Studiot, that property of determinants is really interesting. I've never seen that before. As for your comment on nonlinear quantities, and it did catch my attention as I can most certainly see the potential connections with non-linear concepts. As for your picture, I don't know what it is but it looks intriguing.

 

The expression in the picture (This site has difficulty with my latex generator for matrices) is one stage in the calculation of the fixed end moments for a beam spanning between two walls and built into each at its ends, by matrix methods.

Restraining the beam by building the ends in considerably stiffens the beam compared to simply resting it on top of the wall because the end restraints apply additional moments to the beam called fixed end moments.

Stiffening means the same beam deflects less under load when built in as opposed to resting on.

 

The point is that if you look carefully it illustrates my comment about linear combinations of non linear expressions nicely.

 

The 3 x 3 matrix is called the stiffness matrix and it premultiplies the deflection vector, which has 3 elements.

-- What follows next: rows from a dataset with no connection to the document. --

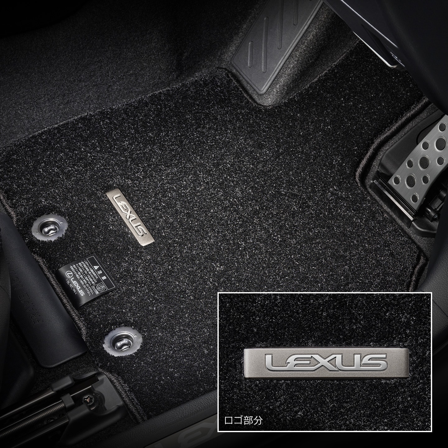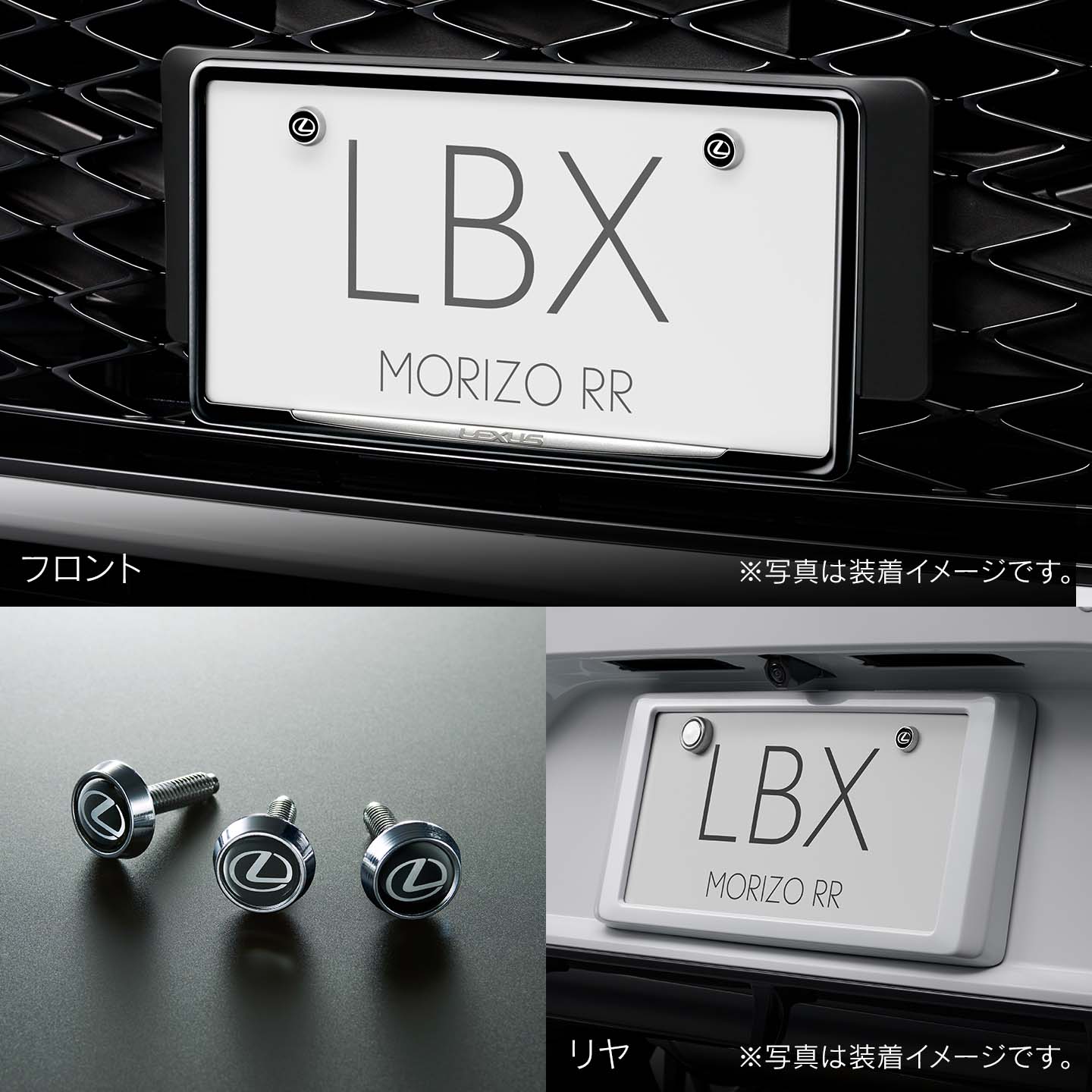 フロント用は立体感のあるフレームタイプを上質なブラックで仕上げました。リヤ用はエクステリアデザインとの一体感を重視し、ボディと同色・同質に仕上げた台座タイプのナンバーフレームです。専用工具以外ではボルトの取り外しが困難な独自形状を採用し、高いセキュリティ性を発揮します。
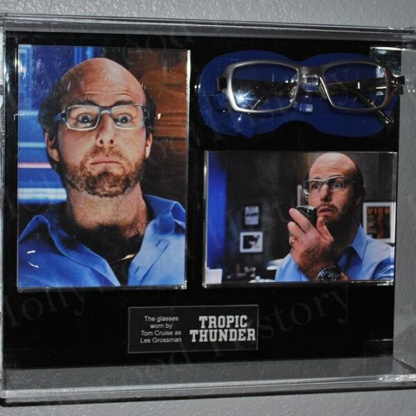A film crew is in Southeast Asia filming a Vietnam-war memoir. It’s early in the shooting, but they’re already behind schedule and over budget. On the day an accident befalls the novice director, the cast and crew are attacked by a gang of poppy-growing local drug dealers, except the cast and crew don’t realize these aren’t actors who are stalking them. The thugs kidnap Tugg Speedman, an actor whose star seems on the decline, and it’s up to the rest of the ragtag team to band together long enough to attempt his rescue. This is the pair of eyeglasses worn by Tom Cruise as his character Les Grossman. He can be seen wearing these throughout the film. They are made of metal and plastic. Comes with an acrylic display case measuring approx 10.5″ x 13″
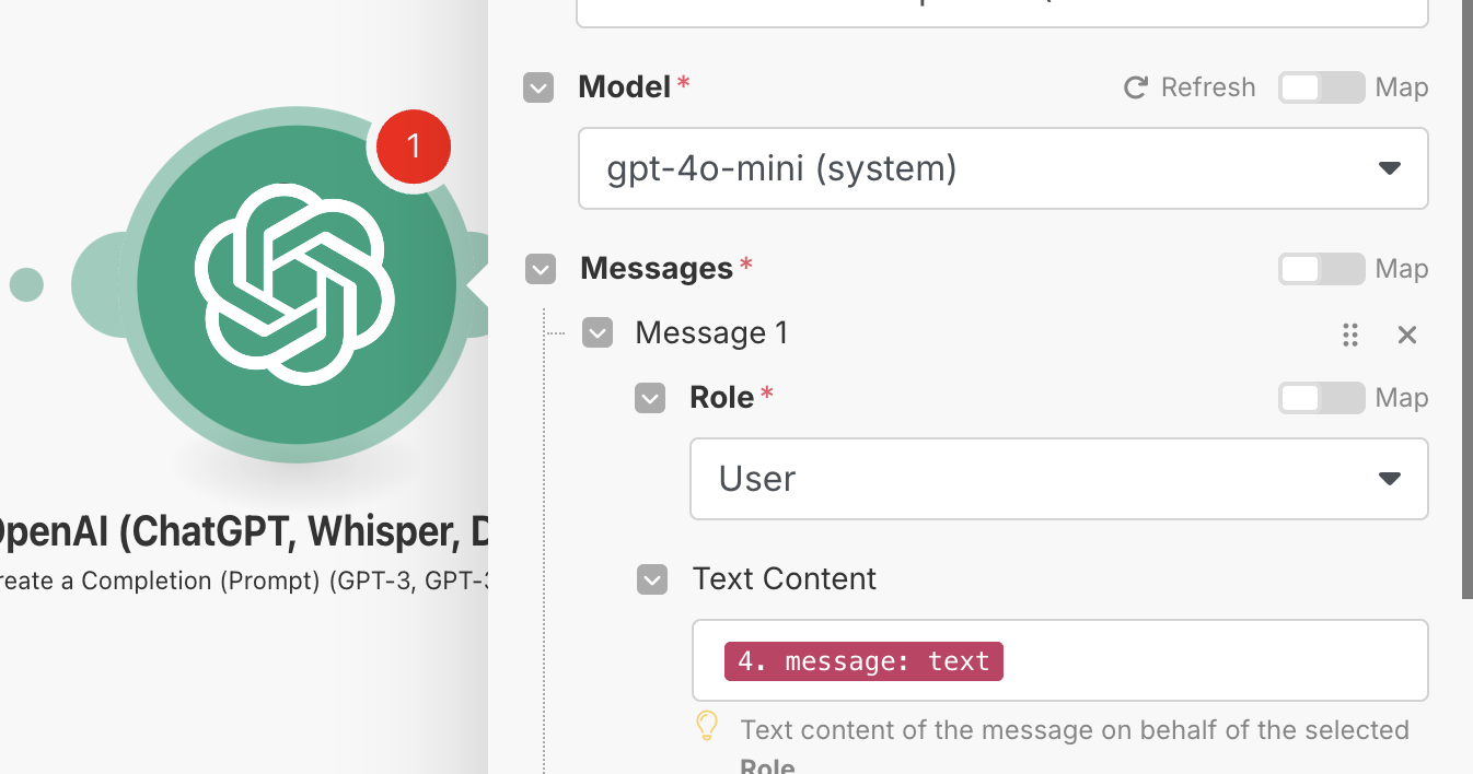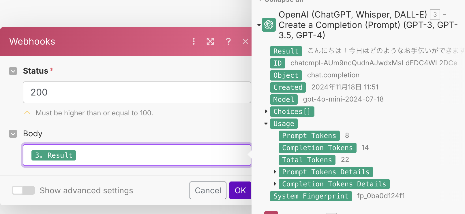 - webhooksのBodyにOpenAIから返ってきた値を入れます
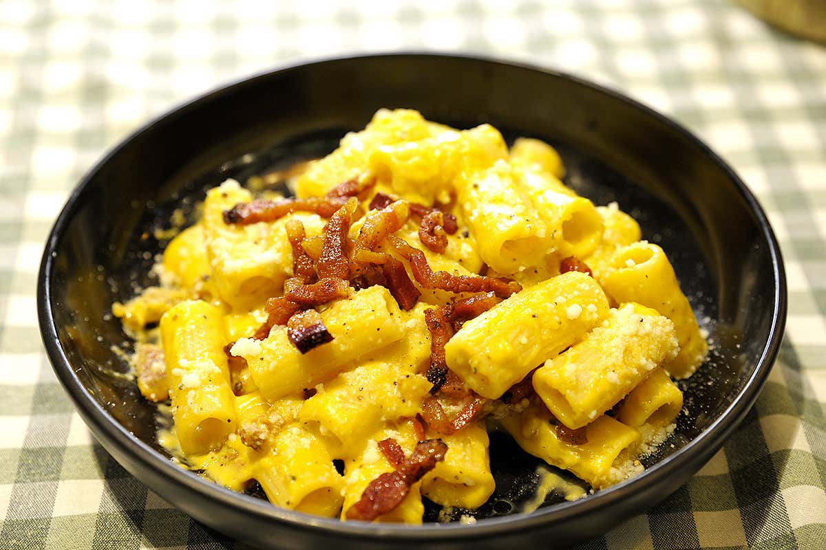 «In quell’altro la musica è importante, si fanno serate ed eventi, e quindi ci vai se vuoi divertirti a 360 gradi. Qui “Da Davidino”, invece, è la cucina tipica a dominare, tutto il resto viene dopo. Avevo bisogno di un luogo dove riportare in vita i piatti dell’adolescenza, quelli della trattoria romana dove andavo a mangiare con i miei, e vado a recuperare anche quelle cose che oggi vengono snobbate perché fuori moda, ossia le pennette alla vodka, i tortellini panna e prosciutto, le farfalle al salmone: è la cucina popolare, riporta alla mente il pranzo in famiglia, quello che puoi organizzare anche se non hai il diploma di chef appeso al muro».
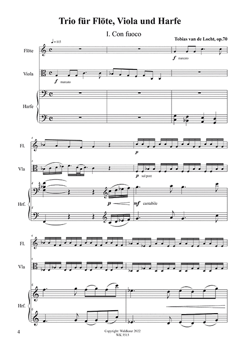 Für Konzertharfe. (statt Viola und auf Violoncello
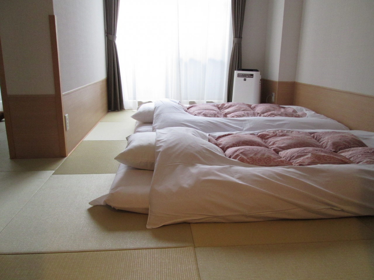 部屋は布団も敷いてくれてありよかったのですが、隣が居間、入口近くにトイレ、離れて洗面所と使い慣れないタイプで戸惑いましたが、夜もとても静かです。
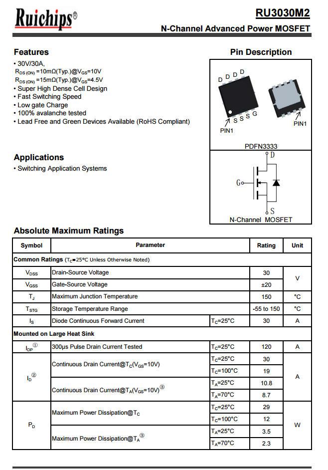 输出VBUS开关采用锐骏RU3030M2 MOS,NMOS,耐压30V。
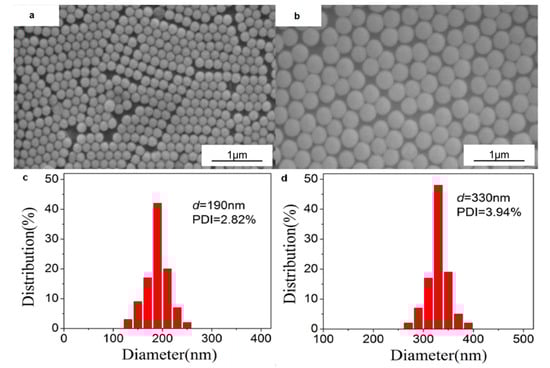 The size and distribution of the synthesized PS colloids visualized by SEM are shown in Figure 2. We can see that the two PS colloids with diameters of 190 nm and 330 nm are almost monodisperse with PDI less than 4%.
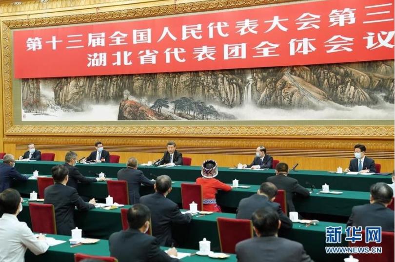 ▲5月24日,中共中央总书记、国家主席、中央军委主席习近平参加十三届全国人大三次会议湖北代表团的审议。 新华社记者 黄敬文 摄

So by the usual operation of matrix multiplication the output is another column vector of applied loads (moments in this case), which also has 3 elements.

 

So the first row is equivalent to

 

 
\frac{{4EI}}{a}*{\theta _1} + 0 + \frac{{6EI}}{{{a^2}}}*\Delta  =  - M
 
 
 
 

Where theta is a rotation and delta is the linear deflection and M the applied moment.

Other letters are constants (for that beam)


Edited by studiot, 14 October 2016 - 09:58 AM.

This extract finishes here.